"Heh, parsetang (bodoamat). Yang penting doakan Beta."
"Jadi bagini...bla...bla...bla..." ceritanya singkat.
Rupanya, semalam selepas berdoa, dia tertidur lalu terbangun lagi, dan langsung cek email. Puji Tuhan, LoA dari kampus tujuannya sudah masuk ke email dan akun pendaftaran dia. "CONGRATULATION, Abraham." Begitu yang tertera dalam surat itu.
Eh, jam 5 pagi, dia terbangun lagi. Tapi merasa ada yang ganjil. "Perasaan tadi beta su bangun, kenapa sekarang berasa kayak baru bangun lagi?" Dia pun bingung. Lalu, berinisiatif mengunduh LoA yang sudah dia kantongi semalam buta, berniat dikirimkan ke saya sebagai bahan PAMER. Murni mau "PAMER DAN SOMBONG."

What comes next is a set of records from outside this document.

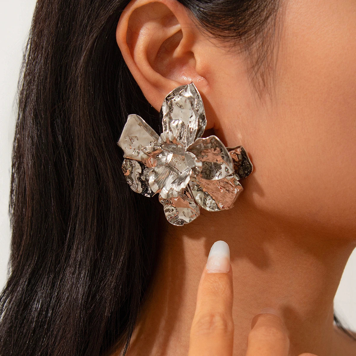 Die organischen, leicht unregelmäßigen Metallstrukturen reflektieren das Licht besonders intensiv und verleihen den Ohrringen eine exklusive, handgefertigte Optik. Feminin, mutig und absolut einzigartig – diese Ohrringe verwandeln jedes Outfit in einen High-Fashion-Moment.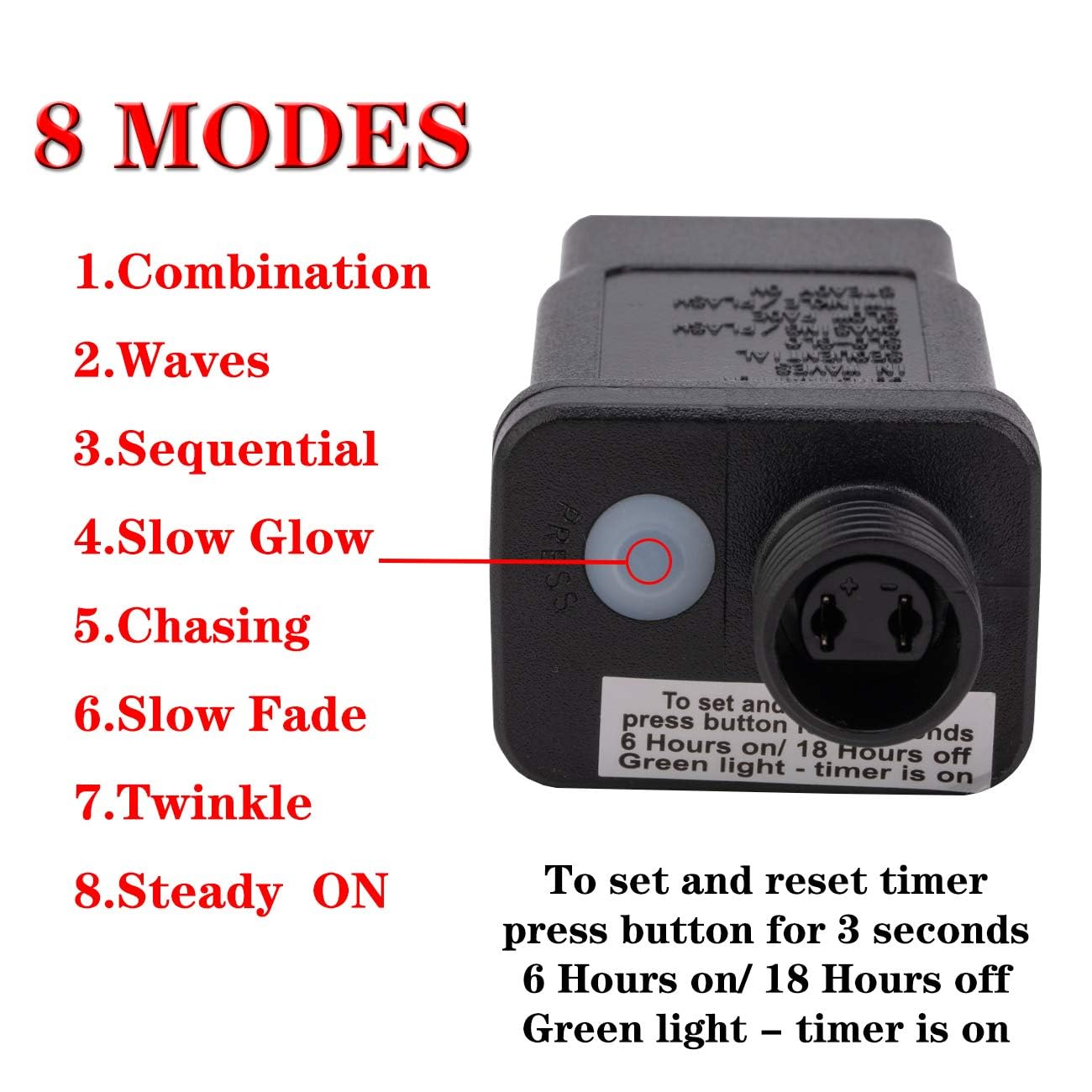 - 8 Modes and Timer Function: 8 Functions to fit different occasions, moods, feelings, holidays, festivals, anniversaries, etc. Satisfied different requirement. (Combination, In waves, Sequential, Slow Glow, Chasing/Flash, Slow fade, Twinkle/Flash, Steady on). Just press the button on the power adaptor to change shining modes. Set timer to keep the lights on for 6 hours every day. To cancel the timer, simply press button on the power adaptor or just plug off the lights.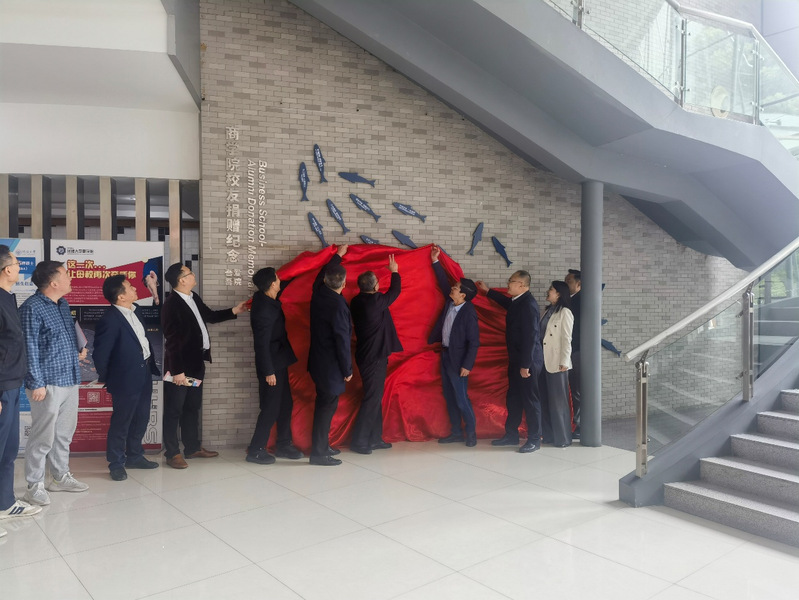 会议期间还举行了“商海锦鲤”校友捐赠纪念墙揭牌仪式。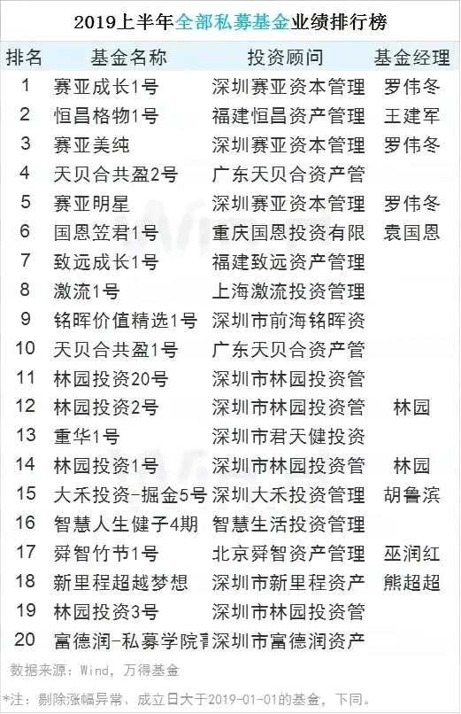 在Wind數(shù)據(jù)覆蓋的全部披露半年末凈值的9652只私募基金中,賽亞成長(zhǎng)1號(hào)業(yè)績(jī)獲得上半年度冠軍,恒昌格物1號(hào)、賽亞美純分別位居第二、第三,前17名均給投資者帶來了超過一倍的驚人收益。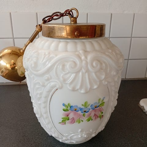 Antik lampe med hvidt glas og dekorative blomster- og sommerfuglemotiver. Lampen består af to dele, der kan skilles ad. Glasdelen har detaljerede mønstre og farverige blomster i røde og grønne nuancer samt sommerfugle. Lampen har en messingfarvet top og kæde til ophæng.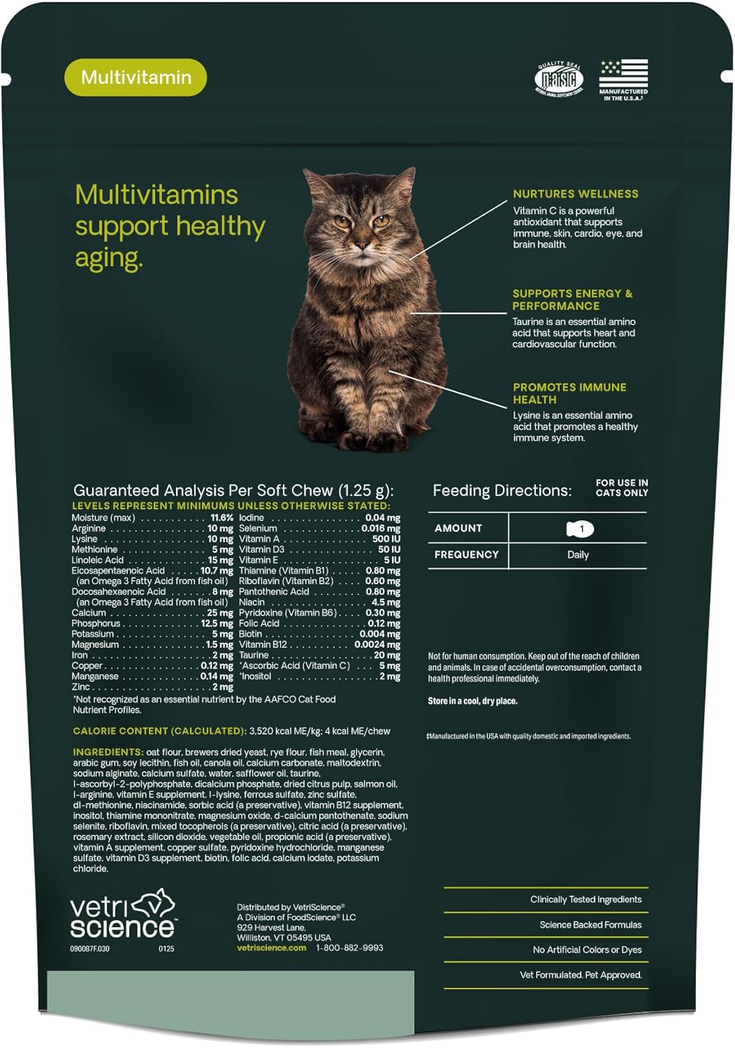 Science-Backed Ingredients: This senior cat multivitamin includes key ingredients like taurine, vitamins A, C, and E for antioxidant protection, biotin and methionine for skin and coat, and Omega-3 and -6 fatty acids from fish oil to support joints and brain function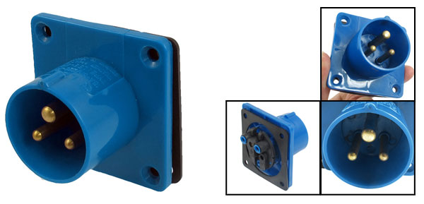 Splash Proof 2P+E IEC309-2 Panel Mount Plug AC 220-250V 16A w Washer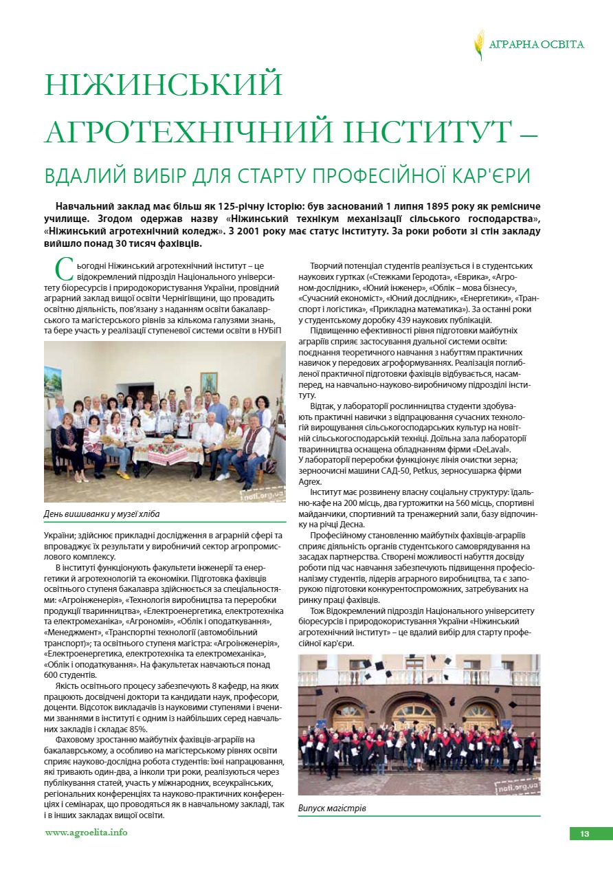 Ніжинський агротехнічний інститут – вдалий вибір для старту професійної кар’єри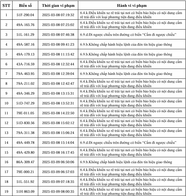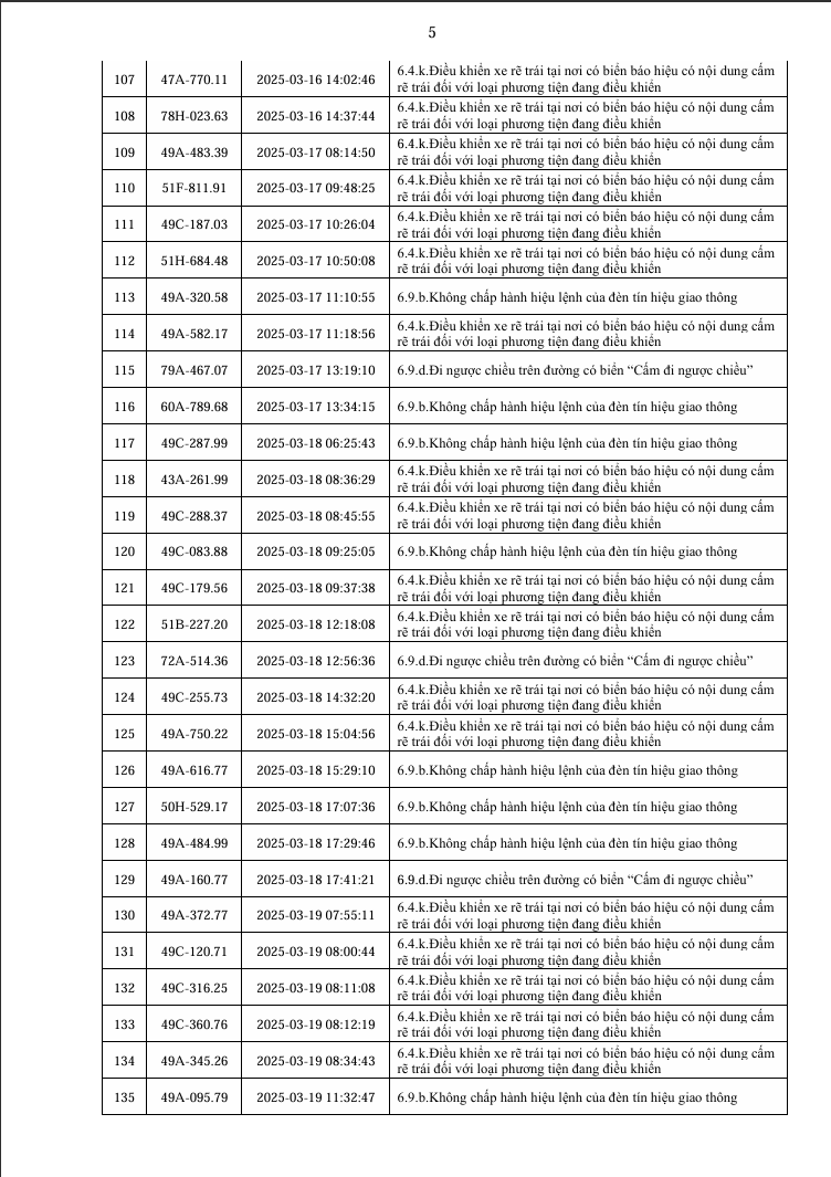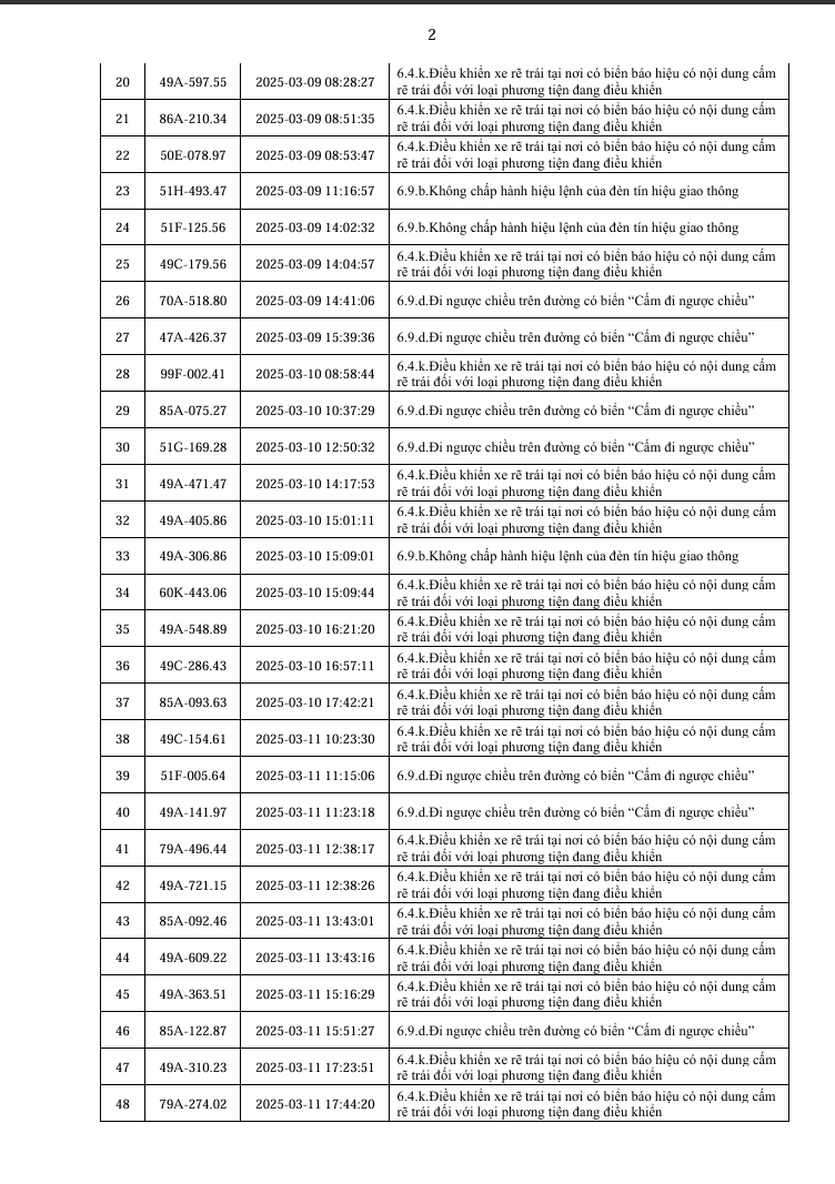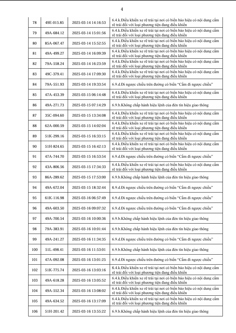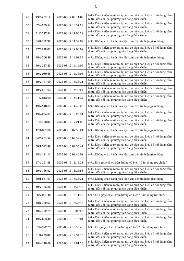 Ngoài ra còn có các lỗi đi ngược chiều, vượt đèn đỏ. Phòng Cảnh sát Giao thông Công an tỉnh Lâm Đồng thông báo danh sách phương tiện, thời gian và hành vi cụ thể như sau:

Alhasil, telepon saya berdering di awal shubuh itu dan dengar pengakuannya bahwa semua email masuk & LoA yang dia lihat itu, ternyata CUMA MIMPI. Halu, guys. Lantas kami tertawa memecah dingin subuh Jakarta yang sudah mulai berisik pemotor.
Lanjut, tak hanya sekali halu. Rupanya Covid 19 sepanjang 2021 sudah menghantam kesadaran pikir kami. Bagaimana tidak, sisa uang di ATM tipis sekali. Kami berinisiatif "baku tamba" alias patungan transfer antar ATM demi menggenapi sisa saldo.
"Bapa pendeta, beta su transfer. (Bapa pendeta, saya sudah transfer)," kata saya di ujung telpon.
"Pas suda, aman. Beta pigi cek. (pas banget, aman. saya pergi cek)." katanya sembari terdengar buru-buru keluar kosan.
Setiba di ATM BRI yang ada di Alfamart, senyumnya mengembang, lebih lebar dari Rafflesia Arnoldii. Jumlah yang masuk melebihi ekspektasi. Dia tak sangka saya kirim sebanyak itu. Pokoknya lebih besar dari gaji kerja dia.
Dengan hati penuh riang dan sudah mulai semringah, sedikit pecicilan aslinya, dia memutuskan tak ambil itu uang. Lantas, memilih belanja dengan 50 ribu sisa di kantongnya, membeli beberapa indomie rebus varian rasa, membagi sebotol aqua ke tukang jahit keliling dekat Alfamart, & membeli sendal di emperan. Blas, bablas 50 ribu ludes akibat ledakan hormon endorfinnya sehabis tengok isi ATM.